Dr Gordon Edge, Director of Policy at RenewableUK said: “The timeline DECC has laid out looks very challenging to bring in wholesale change to the electricity market. As this is coming at a time when traditional energy sources are coming to the end of their lifespan, DECC needs to ensure that they continue to consult in order that an energy gap does not appear.
"A gap means fewer options for the UK, which means we risk missing carbon reduction targets, continuing our dependence on imported fossil fuels and energy bills not being insulated from the rising costs of fuel. Furthermore, the wind and marine renewables supply chain needs to be sure that there will be sufficient orders if they’re to base operations in the UK, bringing the jobs and cost savings that we and the Government are keen to see.”
Edge added: “We’re pleased that DECC has engaged and listened on areas like the power purchase agreements and will be asking for evidence on these and that they are willing to look at the role a counterparty can play on the contract for difference.

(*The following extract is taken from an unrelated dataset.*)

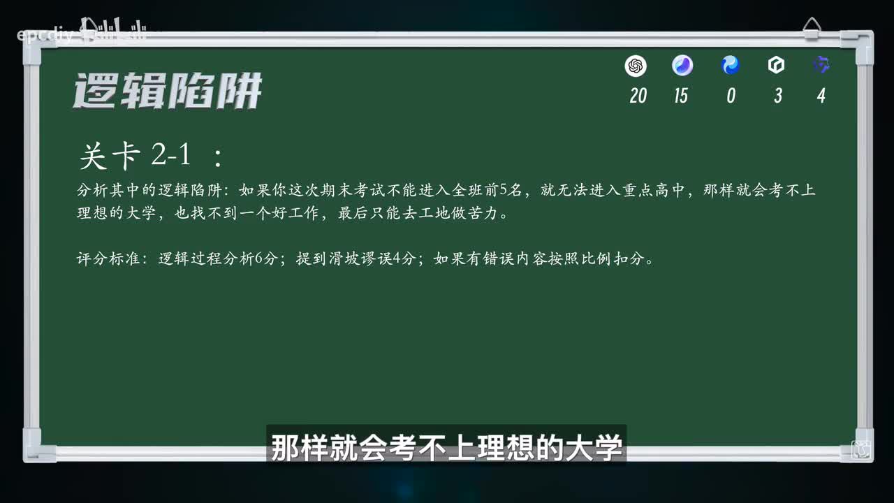 第二关,逻辑能力二十分包含逻辑陷阱、逻辑推理。第一题,分析其中的逻辑陷阱。如果你这次期末考试不能进入全班前五名,就。无法进入重点高中,那样就考不上理想的大学,也找不到一个好工作,最后只能去工地做苦力啊。评分标准,逻辑过程分析六分,提到滑坡谬误四分,如果有错误的内容按照比例扣分。

We urge them to work with us on the overall timetable so that developers can be given the surety they need to fully commit to proceeding with their next generation of projects, providing the supply chain with the final spur to invest in the UK and create badly needed jobs.”
Volker Beckers, CEO RWE npower, said: “The energy sector is the engine room of any economy, and Britain needs more than £200bn to make that engine fit for purpose over the next few years. That money will come from private investors not Government, but still adds up to around £8,000 of investment for every household in Britain.

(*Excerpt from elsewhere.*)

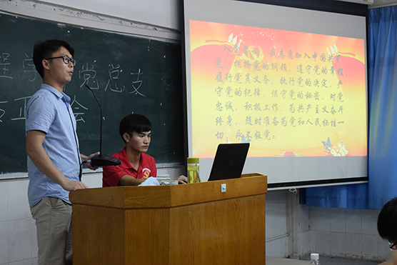 最后,重温入党誓词。由陈智鹏老师领誓,全体起立,用慷慨激昂的入党誓词表现对党的热爱表明积极入党的决心。
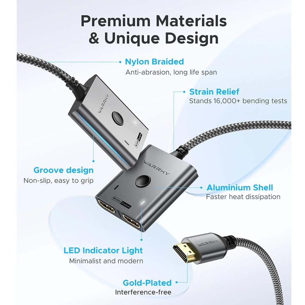- Fixed HDMI 2.0 high-quality cable. The materials and length of HDMI cable would affect picture quality. WARRKY 3.3ft braided cable combines use experience and display performance. Without picture degradation.

"For Britain to remain an attractive market for investors, energy policy must be given adequate priority and resource across Government.

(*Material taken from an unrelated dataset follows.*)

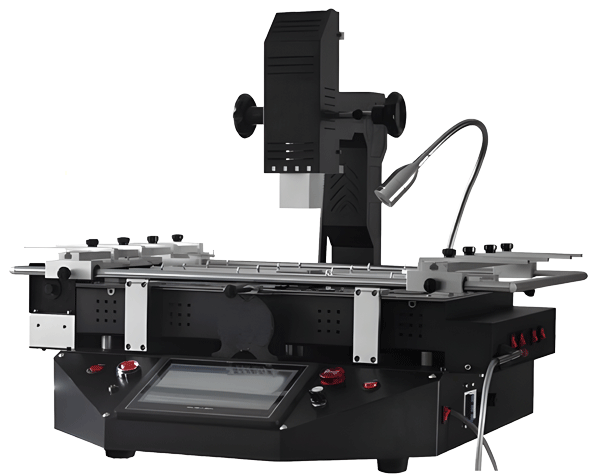 4、電路板固定到支架以后,支架可以前后整體移動,即使加熱過程中,也可以調整電路板前后移動,確保芯片與上下風嘴同時對齊。

“We must find the balance between continuing uncertainty and taking the time to get the right mechanisms implemented in the right way, and hopefully the chance for all stakeholders to scrutinise the Bill will help the Government in achieving this aim.
“However, I remain concerned by the amount of change being implemented in the energy sector and the time it is taking. I applaud Government’s appetite for reform, but pulling so many levers at once in such a complex area risks losing sight of your original objectives. What the energy sector needs now is simplicity and clarity; policy that puts the customer and Britain’s economy at the heart of every decision we make.”
Combined Heat and Power Association Director, Graham Meeks commented: “The Bill announced today may be an important step in securing investments low-carbon power generation in the 2020s and 2030s, but may do little or nothing to address the energy challenges we face in this decade ahead of us.
“Consumers are facing the prospect of rising energy costs as old power stations close, but the reality is that the market is facing an hiatus in investment in new power generation. To tackle this problem we need simple measures that will drive investment in proven and reliable carbon-savings technologies – renewables, gas with combined heat and power, and straightforward energy efficiency.
“We welcome the Government’s move to publish the draft Energy Bill and expose it to pre-legislative scrutiny. It is vital that this process results in reform proposals that are workable in practice and which work in the interests of consumers today – delivering truly affordable and reliable low-carbon energy in the coming months and years, not just in the next few decades.”